Jaap Beintema: “Mijn vader is gestorven aan TBC”
Mijn vader Kees Beintema is geboren in 1897 en gestorven aan tuberculose in 1940. Hij was boerenzoon en is in Engwierum geboren. Mij is wel eens verteld dat hij in zijn eerste levensjaren al met TBC besmet is door zijn grootvader, die toen enige jaren op de
boerderij verbleef.
Na de lagere school is hij verhuisd naar Groningen, heeft gymnasiaal onderwijs
genoten en is daarna medicijnen gaan studeren, hetgeen voorspoedig verliep. Hij was ook
actief lid van het Groningen Studenten Corps (abactis van de Senaat).
Aan het eind van zijn studententijd heeft tuberculose zich geopenbaard. In 1923 heeft hij
hij vijf maanden gekuurd in het Waldsanatorium in Arosa (Zwitserland). Na zijn afstuderen heeft hij zich gespecialiseerd als dermatoloog en is hij getrouwd met mijn moeder.
In begin 1928 heeft mijn vader weer vier maanden gekuurd in Davos-Platz, waar mijn oudste broer is geboren. Daarna heeft hij een voorspoedig leven geleid, is in 1930 cum laude gepromoveerd en heeft zich in Groningen gevestigd als dermatoloog, met een nevenfunctie nog bij het
Academisch Ziekenhuis. Toen zijn mijn andere broer en ik geboren in respectievelijk 1931 en 1934.
In juni 1939 heeft hij weer tuberculose gekregen en heeft eerst thuis op bed gelegen. Om besmetting te vermijden zijn wij, de drie kinderen, ondergebracht bij kennissen in de stad. Omdat eind 1939 de oorlog was uitgebroken kon hij niet weer in Zwitserland kuren en is toen in het Sanatorium Hoog Laren in Blaricum opgenomen. Mijn moeder heeft hem toen gevolgd en is met de drie kinderen in december 1939 in Bussum gaan wonen.

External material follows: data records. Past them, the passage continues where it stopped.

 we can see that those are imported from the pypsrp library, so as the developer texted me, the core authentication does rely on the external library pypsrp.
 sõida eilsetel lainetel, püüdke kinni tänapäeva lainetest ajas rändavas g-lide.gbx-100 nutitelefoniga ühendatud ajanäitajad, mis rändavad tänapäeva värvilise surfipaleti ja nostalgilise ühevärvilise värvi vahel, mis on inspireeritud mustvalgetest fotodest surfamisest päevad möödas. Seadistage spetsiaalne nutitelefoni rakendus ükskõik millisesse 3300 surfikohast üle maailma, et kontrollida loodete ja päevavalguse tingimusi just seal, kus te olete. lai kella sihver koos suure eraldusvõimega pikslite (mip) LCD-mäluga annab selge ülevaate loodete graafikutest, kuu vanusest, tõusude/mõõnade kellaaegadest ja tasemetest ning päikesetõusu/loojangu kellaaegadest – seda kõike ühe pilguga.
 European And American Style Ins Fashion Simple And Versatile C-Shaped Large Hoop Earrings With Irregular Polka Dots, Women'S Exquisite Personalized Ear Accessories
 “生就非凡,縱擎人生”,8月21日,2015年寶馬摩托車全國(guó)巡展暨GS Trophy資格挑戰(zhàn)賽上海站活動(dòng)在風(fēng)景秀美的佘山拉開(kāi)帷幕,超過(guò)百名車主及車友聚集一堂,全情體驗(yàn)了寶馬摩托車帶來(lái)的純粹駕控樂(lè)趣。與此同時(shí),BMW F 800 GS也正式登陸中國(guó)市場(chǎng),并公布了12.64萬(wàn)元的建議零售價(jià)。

Op 5 april 1940 is mijn vader gestorven. Vijf weken later vielen de Duitsers ons land binnen. In begin 1941 overleed mijn grootmoeder van moeders zijde in Den Haag. Mijn grootvader is daarna samen met mijn moeder is een groter huis in Bussum gaan wonen. Mijn grootvader, die bodemkundige was en kort daarvoor was gepensioneerd met daarna nog een aantal werkzaamheden, heeft toen als het ware de vaderrol in ons gezin overgenomen.

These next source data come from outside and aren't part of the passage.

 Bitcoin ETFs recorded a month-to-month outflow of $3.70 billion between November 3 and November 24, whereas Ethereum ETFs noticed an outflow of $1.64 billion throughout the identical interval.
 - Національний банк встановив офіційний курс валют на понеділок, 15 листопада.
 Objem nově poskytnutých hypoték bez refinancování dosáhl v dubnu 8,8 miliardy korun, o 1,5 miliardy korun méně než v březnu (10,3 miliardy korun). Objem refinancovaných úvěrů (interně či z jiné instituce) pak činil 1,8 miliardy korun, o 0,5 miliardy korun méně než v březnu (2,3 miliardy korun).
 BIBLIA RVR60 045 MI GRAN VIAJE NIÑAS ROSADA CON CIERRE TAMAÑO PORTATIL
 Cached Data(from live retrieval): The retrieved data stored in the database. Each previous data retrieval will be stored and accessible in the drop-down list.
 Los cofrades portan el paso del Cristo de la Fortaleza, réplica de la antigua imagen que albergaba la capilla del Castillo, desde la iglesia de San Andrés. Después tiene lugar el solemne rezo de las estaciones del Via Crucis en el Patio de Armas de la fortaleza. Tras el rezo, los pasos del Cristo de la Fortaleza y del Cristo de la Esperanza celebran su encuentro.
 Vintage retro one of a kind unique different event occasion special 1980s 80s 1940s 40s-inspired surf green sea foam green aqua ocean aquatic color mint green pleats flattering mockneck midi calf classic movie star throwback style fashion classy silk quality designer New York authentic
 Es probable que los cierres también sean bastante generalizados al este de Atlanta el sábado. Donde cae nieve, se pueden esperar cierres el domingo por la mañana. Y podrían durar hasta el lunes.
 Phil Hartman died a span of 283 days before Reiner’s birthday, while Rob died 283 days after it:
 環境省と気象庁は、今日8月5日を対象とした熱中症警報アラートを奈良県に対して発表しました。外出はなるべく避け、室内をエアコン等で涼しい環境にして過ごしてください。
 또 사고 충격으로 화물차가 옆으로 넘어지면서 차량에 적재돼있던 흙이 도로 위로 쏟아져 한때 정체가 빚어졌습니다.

De oorlogsjaren zijn we betrekkelijk probleemloos doorgekomen (extra voedsel kwam uit het noorden: boter werd onderweg gegapt, maar bonen kwamen wel aan.) Maar toen na de oorlog alles weer normaler werd, was voor mijn moeder het gemis van mijn vader extra zwaar. Maar het is wel gelukt dat mijn beide broers arts zijn geworden (oogarts, resp. neuroloog) en ik biochemicus (alle drie weer in Groningen gestudeerd).